# How do you solve sin x - 2x = 0 ?

1. Jul 22, 2014

### johann1301

1. The problem statement, all variables and given/known data

solve sin x - 2x = 0

3. The attempt at a solution

I can see that zero is a solution, but i dont know how to actually solve it in a general way. Can somebody give me a hint?

2. Jul 22, 2014

### Char. Limit

Well, sin(x) - 2x = 0 implies that sin(x) = 2x. From there, you have two options:

1. Graph it, and you'll be able to see just how many solutions this equation has.

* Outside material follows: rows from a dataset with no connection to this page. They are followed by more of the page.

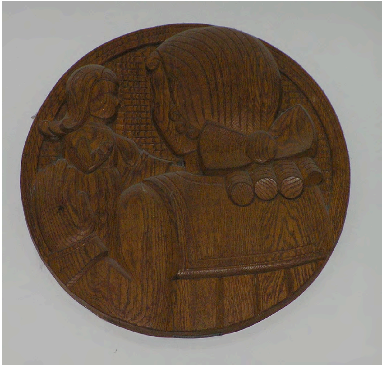
Fig. H. 2 - Louise Pain, Girl with Doll , 1 of 9 reliefs, 1930s (WPA), oak, approx. 20 in. diameter.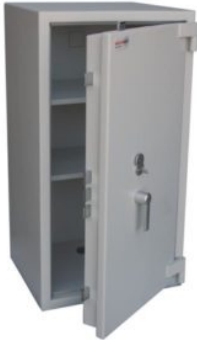
Euro Grade 2215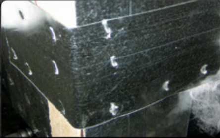
EVERLAST® Cross Banded Construction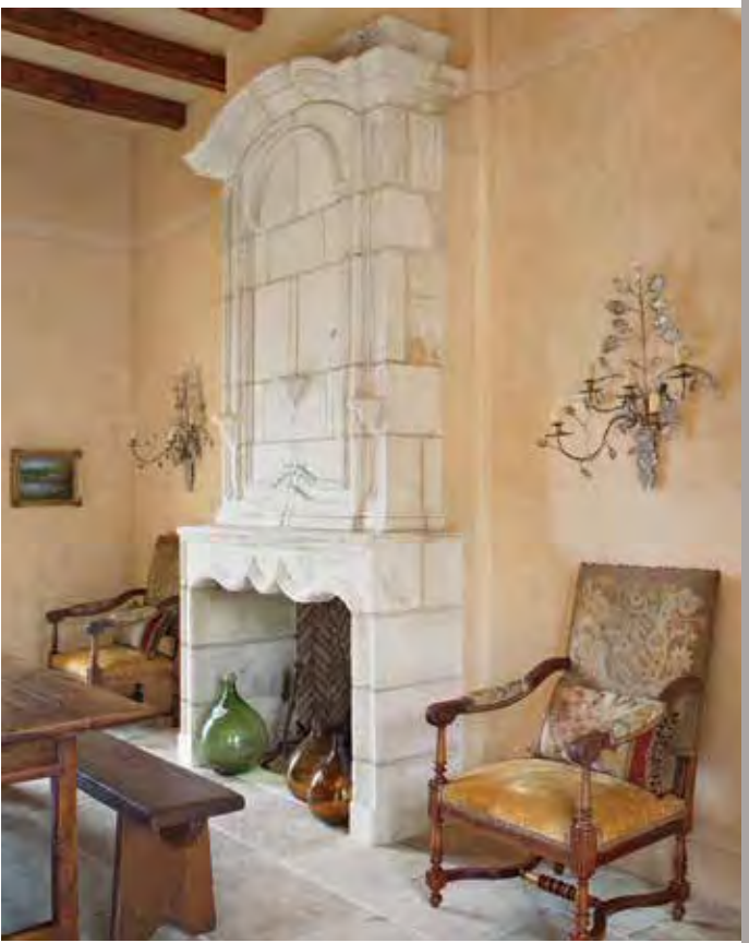
fireplace design & decorating ideas 13

SET IN STONE right Italian glass-and-gilded sconces from the 1940s and antique Louis XVI needlepoint chairs flank a dining room's 18th-century Louis XIV fireplace. A straightforward farm table with bench seating downplays the grandeur of the antique limestone structure. Walls designed to mimic plaster over stone and 14-foot-high vaulted ceilings lend European distinction.

2. If you're looking for an analytical proof, then considering that sin(x) is limited in range to [-1,1], you know you only have to consider solutions within x = [-1/2, 1/2] due to the range of 2x, and within that range, you can take a third-order Taylor approximation of sin(x) to create a cubic that you can look at.

3. Jul 22, 2014

### johann1301

Thank you!

4. Jul 22, 2014

### HakimPhilo

There's the obvious solution $x=0$, do you know how to prove that it is the only solution?

5. Jul 22, 2014

### johann1301

Use the second method that "Char. Limit" proposed. Or perhaps you know another way? I sure dont...

6. Jul 22, 2014

### Char. Limit

Obviously, if you use the method that I proposed, you'll also want to calculate the /error/ in that approximation, but it's not too difficult to see the remaining steps.

7. Jul 22, 2014

### HakimPhilo

Consider $f(x)=\sin x-2x$.
1. Prove that $f$ is strictly decreasing.
2. Find two numbers $\alpha$ and $\beta$ in $\Bbb R$ such that $f(\alpha)\gt0$ and $f(\beta)\lt0$.
Now use the intermediate value theorem and you're done.

8. Jul 22, 2014

### johann1301

Thanks, but its a bit to complex for me.